*** Entries shown ***

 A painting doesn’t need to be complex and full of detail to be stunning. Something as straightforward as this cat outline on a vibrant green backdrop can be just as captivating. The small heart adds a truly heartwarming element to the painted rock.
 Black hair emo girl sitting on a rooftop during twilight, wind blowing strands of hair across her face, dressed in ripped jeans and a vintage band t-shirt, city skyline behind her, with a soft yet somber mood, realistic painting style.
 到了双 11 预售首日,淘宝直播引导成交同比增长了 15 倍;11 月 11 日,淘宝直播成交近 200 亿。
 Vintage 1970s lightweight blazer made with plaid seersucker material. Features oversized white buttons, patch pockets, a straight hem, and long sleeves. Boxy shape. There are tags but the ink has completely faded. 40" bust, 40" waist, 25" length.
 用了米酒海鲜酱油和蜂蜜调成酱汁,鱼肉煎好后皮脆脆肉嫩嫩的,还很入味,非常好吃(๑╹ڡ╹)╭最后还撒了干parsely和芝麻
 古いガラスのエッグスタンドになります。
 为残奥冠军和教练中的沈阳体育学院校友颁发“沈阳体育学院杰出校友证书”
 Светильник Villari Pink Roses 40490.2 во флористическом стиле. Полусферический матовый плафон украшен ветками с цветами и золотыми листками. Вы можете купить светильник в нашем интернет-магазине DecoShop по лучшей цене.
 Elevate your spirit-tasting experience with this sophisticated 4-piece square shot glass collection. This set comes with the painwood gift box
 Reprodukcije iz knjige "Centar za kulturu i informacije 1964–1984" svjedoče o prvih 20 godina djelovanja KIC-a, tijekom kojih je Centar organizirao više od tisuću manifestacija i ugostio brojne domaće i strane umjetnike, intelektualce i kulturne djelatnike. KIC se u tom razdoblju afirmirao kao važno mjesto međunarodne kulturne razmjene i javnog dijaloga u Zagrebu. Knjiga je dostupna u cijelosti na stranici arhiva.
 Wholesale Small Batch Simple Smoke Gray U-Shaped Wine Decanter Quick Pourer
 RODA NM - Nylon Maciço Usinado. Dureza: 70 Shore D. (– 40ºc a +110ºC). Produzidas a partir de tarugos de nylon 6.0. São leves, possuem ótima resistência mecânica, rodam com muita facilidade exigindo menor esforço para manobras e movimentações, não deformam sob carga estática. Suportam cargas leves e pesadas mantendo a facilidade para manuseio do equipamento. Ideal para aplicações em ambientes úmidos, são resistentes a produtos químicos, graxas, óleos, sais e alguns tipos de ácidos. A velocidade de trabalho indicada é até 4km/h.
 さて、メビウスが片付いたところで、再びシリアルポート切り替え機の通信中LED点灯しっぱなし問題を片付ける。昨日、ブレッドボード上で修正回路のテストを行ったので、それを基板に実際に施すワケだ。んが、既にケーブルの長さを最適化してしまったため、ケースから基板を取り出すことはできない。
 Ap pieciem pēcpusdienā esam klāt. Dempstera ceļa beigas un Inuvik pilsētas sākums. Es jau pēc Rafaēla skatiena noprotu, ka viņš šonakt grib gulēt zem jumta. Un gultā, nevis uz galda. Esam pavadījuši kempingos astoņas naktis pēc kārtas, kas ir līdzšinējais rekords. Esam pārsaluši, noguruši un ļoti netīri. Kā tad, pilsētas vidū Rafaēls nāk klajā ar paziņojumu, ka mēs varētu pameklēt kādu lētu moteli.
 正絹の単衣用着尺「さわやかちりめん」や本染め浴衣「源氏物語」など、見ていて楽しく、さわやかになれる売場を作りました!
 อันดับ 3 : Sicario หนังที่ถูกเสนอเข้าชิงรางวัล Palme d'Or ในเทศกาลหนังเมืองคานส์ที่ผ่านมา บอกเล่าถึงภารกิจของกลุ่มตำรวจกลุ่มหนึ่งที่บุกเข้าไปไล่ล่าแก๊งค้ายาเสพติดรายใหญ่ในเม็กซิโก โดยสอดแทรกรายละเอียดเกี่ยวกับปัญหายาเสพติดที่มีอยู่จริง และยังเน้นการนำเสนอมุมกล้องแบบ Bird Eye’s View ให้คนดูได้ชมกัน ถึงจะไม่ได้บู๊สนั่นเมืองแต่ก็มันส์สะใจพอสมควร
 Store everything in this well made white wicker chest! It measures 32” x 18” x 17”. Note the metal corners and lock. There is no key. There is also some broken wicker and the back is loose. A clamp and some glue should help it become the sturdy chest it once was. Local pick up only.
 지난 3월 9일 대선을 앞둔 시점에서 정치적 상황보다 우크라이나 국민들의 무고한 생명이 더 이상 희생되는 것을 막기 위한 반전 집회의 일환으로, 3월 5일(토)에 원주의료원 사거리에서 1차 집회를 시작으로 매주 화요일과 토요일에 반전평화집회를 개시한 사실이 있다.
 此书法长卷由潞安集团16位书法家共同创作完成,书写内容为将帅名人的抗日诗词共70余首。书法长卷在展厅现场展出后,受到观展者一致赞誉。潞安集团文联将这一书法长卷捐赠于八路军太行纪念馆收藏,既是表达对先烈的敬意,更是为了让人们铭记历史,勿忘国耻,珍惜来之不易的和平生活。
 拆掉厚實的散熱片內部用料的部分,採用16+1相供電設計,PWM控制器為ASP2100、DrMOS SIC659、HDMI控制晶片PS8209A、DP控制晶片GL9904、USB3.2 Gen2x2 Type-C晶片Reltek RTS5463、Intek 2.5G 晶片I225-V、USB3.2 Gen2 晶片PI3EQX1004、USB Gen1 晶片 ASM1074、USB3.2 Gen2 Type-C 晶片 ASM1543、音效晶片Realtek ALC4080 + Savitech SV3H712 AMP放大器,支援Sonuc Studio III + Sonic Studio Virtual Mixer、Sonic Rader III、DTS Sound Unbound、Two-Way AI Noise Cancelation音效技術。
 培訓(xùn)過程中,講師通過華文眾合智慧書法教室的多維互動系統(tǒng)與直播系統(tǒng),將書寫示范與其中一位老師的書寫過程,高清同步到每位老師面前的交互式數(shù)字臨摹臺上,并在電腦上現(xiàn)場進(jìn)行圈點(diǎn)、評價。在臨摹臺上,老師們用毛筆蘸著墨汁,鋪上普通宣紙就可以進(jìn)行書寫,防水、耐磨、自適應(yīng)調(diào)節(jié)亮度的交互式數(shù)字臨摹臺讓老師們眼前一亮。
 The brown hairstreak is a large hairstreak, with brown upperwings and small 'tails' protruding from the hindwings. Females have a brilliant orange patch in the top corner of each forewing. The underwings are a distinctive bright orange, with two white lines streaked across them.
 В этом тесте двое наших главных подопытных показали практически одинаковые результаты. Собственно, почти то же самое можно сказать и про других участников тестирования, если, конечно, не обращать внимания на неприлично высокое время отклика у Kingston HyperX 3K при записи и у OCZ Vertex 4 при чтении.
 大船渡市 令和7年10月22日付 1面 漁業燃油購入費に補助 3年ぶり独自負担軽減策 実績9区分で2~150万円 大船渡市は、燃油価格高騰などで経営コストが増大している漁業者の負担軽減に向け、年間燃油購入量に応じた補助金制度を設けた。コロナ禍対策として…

*** End of Entries shown ***

**Action item:** Each line from the top of the material above through the line with "到了双 11 预售首日,淘宝直播引导成交同比增长了" must be echoed exactly, and no other line.

**Answer box:**
 A painting doesn’t need to be complex and full of detail to be stunning. Something as straightforward as this cat outline on a vibrant green backdrop can be just as captivating. The small heart adds a truly heartwarming element to the painted rock.
 Black hair emo girl sitting on a rooftop during twilight, wind blowing strands of hair across her face, dressed in ripped jeans and a vintage band t-shirt, city skyline behind her, with a soft yet somber mood, realistic painting style.
 到了双 11 预售首日,淘宝直播引导成交同比增长了 15 倍;11 月 11 日,淘宝直播成交近 200 亿。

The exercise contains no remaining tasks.